Data below:
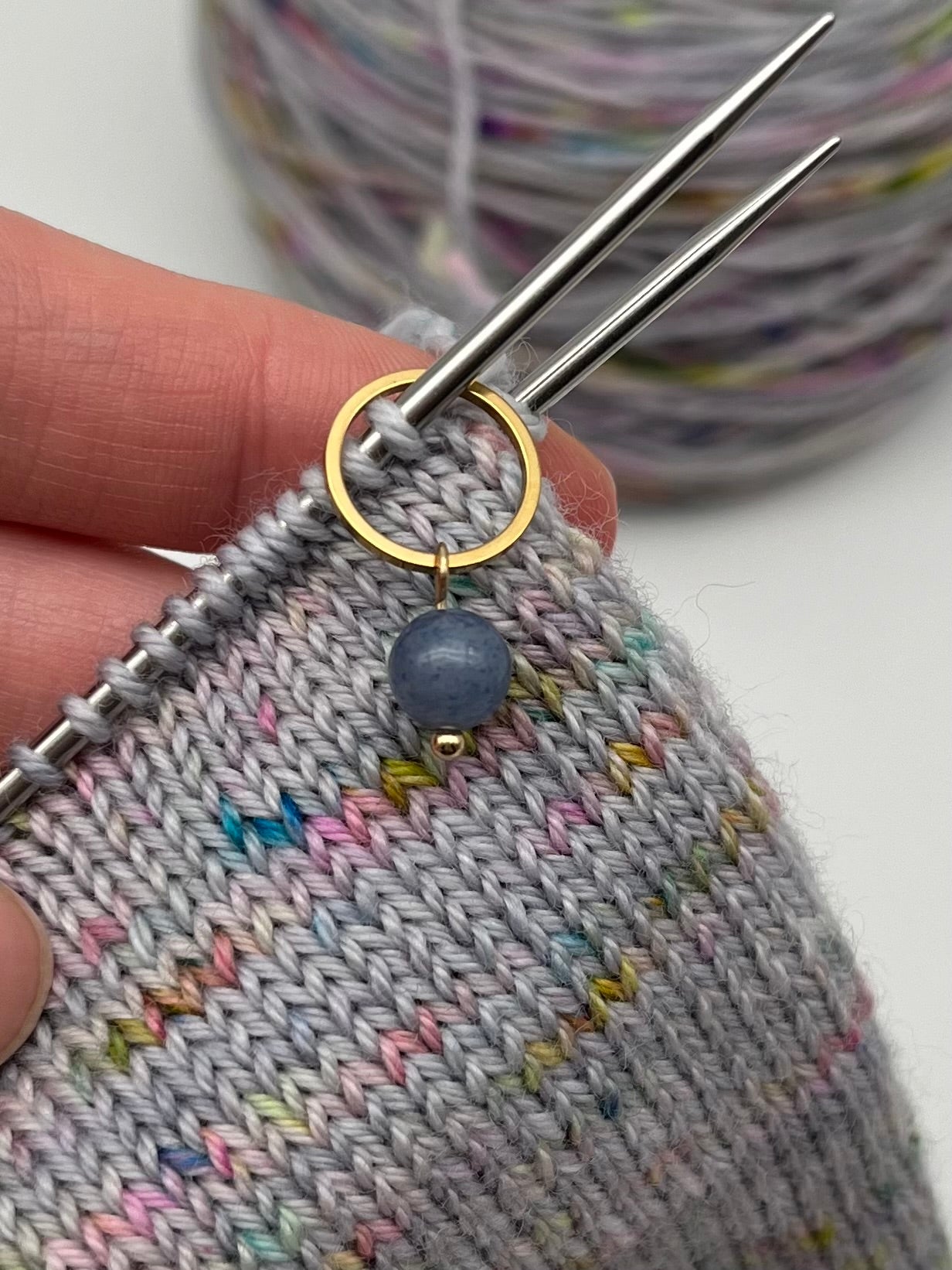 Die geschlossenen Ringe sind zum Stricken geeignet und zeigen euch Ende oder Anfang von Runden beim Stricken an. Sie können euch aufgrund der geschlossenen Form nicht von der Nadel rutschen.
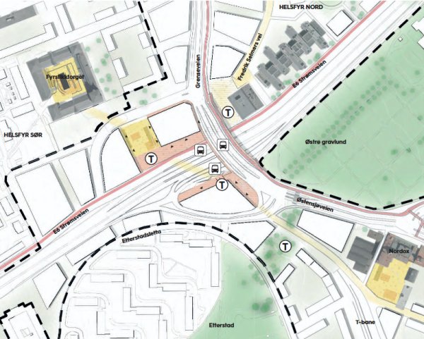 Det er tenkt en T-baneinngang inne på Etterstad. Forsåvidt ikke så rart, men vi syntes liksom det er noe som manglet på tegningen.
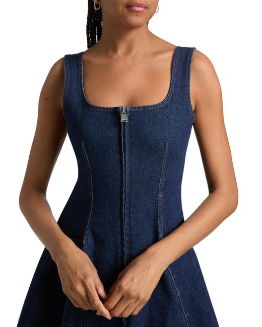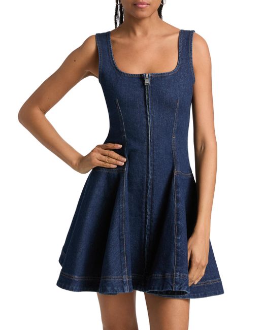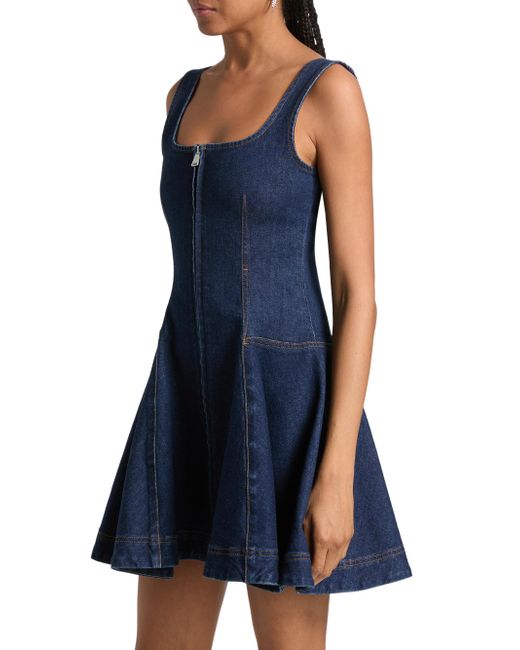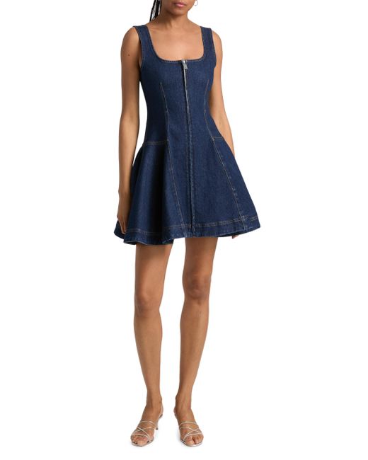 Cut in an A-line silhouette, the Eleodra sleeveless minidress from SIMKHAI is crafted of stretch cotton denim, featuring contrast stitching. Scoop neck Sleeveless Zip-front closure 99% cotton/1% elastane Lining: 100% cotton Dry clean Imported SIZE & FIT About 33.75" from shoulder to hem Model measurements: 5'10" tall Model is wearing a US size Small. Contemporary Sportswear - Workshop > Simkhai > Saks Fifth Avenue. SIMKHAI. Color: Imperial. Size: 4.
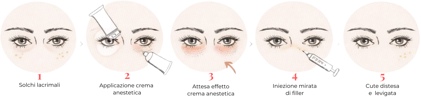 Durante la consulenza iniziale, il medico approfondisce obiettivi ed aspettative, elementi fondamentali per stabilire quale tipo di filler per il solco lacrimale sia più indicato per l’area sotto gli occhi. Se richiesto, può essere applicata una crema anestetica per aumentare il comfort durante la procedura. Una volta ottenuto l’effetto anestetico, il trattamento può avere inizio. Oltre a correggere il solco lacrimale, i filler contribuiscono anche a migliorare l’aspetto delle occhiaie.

Prompt: The full listing, reproduced exactly and without pictures, is the expected output.

Result below:
 Die geschlossenen Ringe sind zum Stricken geeignet und zeigen euch Ende oder Anfang von Runden beim Stricken an. Sie können euch aufgrund der geschlossenen Form nicht von der Nadel rutschen.
 Det er tenkt en T-baneinngang inne på Etterstad. Forsåvidt ikke så rart, men vi syntes liksom det er noe som manglet på tegningen.
 Cut in an A-line silhouette, the Eleodra sleeveless minidress from SIMKHAI is crafted of stretch cotton denim, featuring contrast stitching. Scoop neck Sleeveless Zip-front closure 99% cotton/1% elastane Lining: 100% cotton Dry clean Imported SIZE & FIT About 33.75" from shoulder to hem Model measurements: 5'10" tall Model is wearing a US size Small. Contemporary Sportswear - Workshop > Simkhai > Saks Fifth Avenue. SIMKHAI. Color: Imperial. Size: 4.
 Durante la consulenza iniziale, il medico approfondisce obiettivi ed aspettative, elementi fondamentali per stabilire quale tipo di filler per il solco lacrimale sia più indicato per l’area sotto gli occhi. Se richiesto, può essere applicata una crema anestetica per aumentare il comfort durante la procedura. Una volta ottenuto l’effetto anestetico, il trattamento può avere inizio. Oltre a correggere il solco lacrimale, i filler contribuiscono anche a migliorare l’aspetto delle occhiaie.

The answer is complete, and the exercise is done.